Une information judiciaire pour “homicide volontaire” a également été ouverte par le parquet de Valence, qui dira si le jeune homme a été la victime d’un de ses codétenus et, indirectement, de la surpopulation carcérale, une réalité visible à Valence comme dans de nombreuses autres prisons françaises. Moins d’un mois après le décès de Jérémy Martinez, deux jeunes détenus de cet établissement vétuste ont tenté de mettre fin à leurs jours, tous deux par pendaison, le 31 mars et le 1er avril. Ils ont 27 et 25 ans.

Jérémy Martinez avait commencé sa vie d’adulte en prison, après une enfance ballottée entre deux familles et une adolescence frottée à la petite délinquance du côté de Sorbiers (Loire), où il habitait avec sa mère. Il avait ce qu’on appelle “une bonne tête”, un air attachant qui avait séduit la famille d’accueil où il avait été placé, puis le propriétaire d’un restaurant de Cléon-d’Andran (Drôme), où il apprenait le métier de serveur, et aussi quelques jeunes filles.

Sa première fugue, une poignée d’heures à peine, avait eu lieu avant ses 10 ans. D’autres, plus longues, ont suivi : à 15 ans, il retrouvait parfois deux copains dans un squat. Premiers larcins, premières fréquentations des tribunaux pour enfants. Dégradations, falsifications de chèques, vols de téléphones portables, de voitures et autres : “Cinq ou six dossiers”, selon Me“Il avait besoin d’être encadré”, assure sa grand-mère, Philomène. Marie-Christine Buffard, son avocate. A sa majorité, après un ultime “coup” dans un bureau de tabac, ses sursis sont tombés et il a été condamné à plus d’un an de détention. Quelque temps auparavant, il avait rédigé une lettre à l’attention du juge pour enfants ; il demandait à être suivi après sa majorité.

Il était enfermé depuis trois mois quand il a été retrouvé gisant dans sa cellule. Il avait une blessure à la pommette, une autre au cou et une côte cassée. C’est son codétenu qui avait appelé à l’aide en criant : “Il s’est tué, il s’est tué.” Le garçon avait 19 ans lui aussi, un gabarit imposant, une réputation d’“impulsif” et un casier judiciaire plus lourd : une tentative de meurtre par le feu sur une personne handicapée. “C’était un malade, c’est évident, assure Guillaume Recoin, aumônier de la maison d’arrêt de Valence. Il n’était pas cohérent dans ses propos, incapable de rester assis. Tout le monde savait qu’il y avait un souci avec ce garçon. La semaine avant le drame, j’avais dit au médecin qu’il fallait le mettre à part, le soigner.”

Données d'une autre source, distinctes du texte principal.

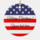 Personalized American flag Christmas tree ornament. Custom X-mas Holiday decorations in round or heart shape. Patriotic Flag of American design. Trendy xmas decor for friends, family, kids, co worker, employee, boss, children, wedding couple, mom and dad, grandparents, relatives, baby etc. Add your own season's greeting and photo on the back optionally. Elegant script typography template. Gold glittery string included. Also nice for 4th of July party. USA pride design. Create your own keepsake for 1st Christmas together or other occasion. Stars and stripes red white and blue.

Quand le directeur de la maison d’arrêt de Valence l’a prévenue du drame, la mère de Jérémy a immédiatement rejeté la thèse du suicide. Sa grand-mère aussi. Toutes les deux avaient vu leur fils et petit-fils trois jours plus tôt, lors de leur visite mensuelle. Il y avait aussi Amandine, la jeune soeur du détenu. Uniquement des femmes, donc. Et des femmes qui accusent.

Au parloir, ce samedi 1er mars, Jérémy avait l’air “angoissé”, “terrorisé”, rapporte Philomène Martinez. Il avait déjà une marque sur le visage, sous l’oeil, des traces de coups sur la main. Il avait aussi du mal à se tenir droit et à bouger le bras droit. Il a montré des plaies sous son tee-shirt à sa soeur. Ce jour-là, les trois visiteuses n’ont pas reconnu celui qui, aux premières semaines de sa détention, semblait faire preuve d’une certaine force de caractère : “Je l’ai bien mérité” ; “Je vais prendre du plomb dans la tête”, écrivait-il à ses grands-parents, dans ses lettres pleines de fautes d’orthographe et de “Je vous aime papy et mamie”.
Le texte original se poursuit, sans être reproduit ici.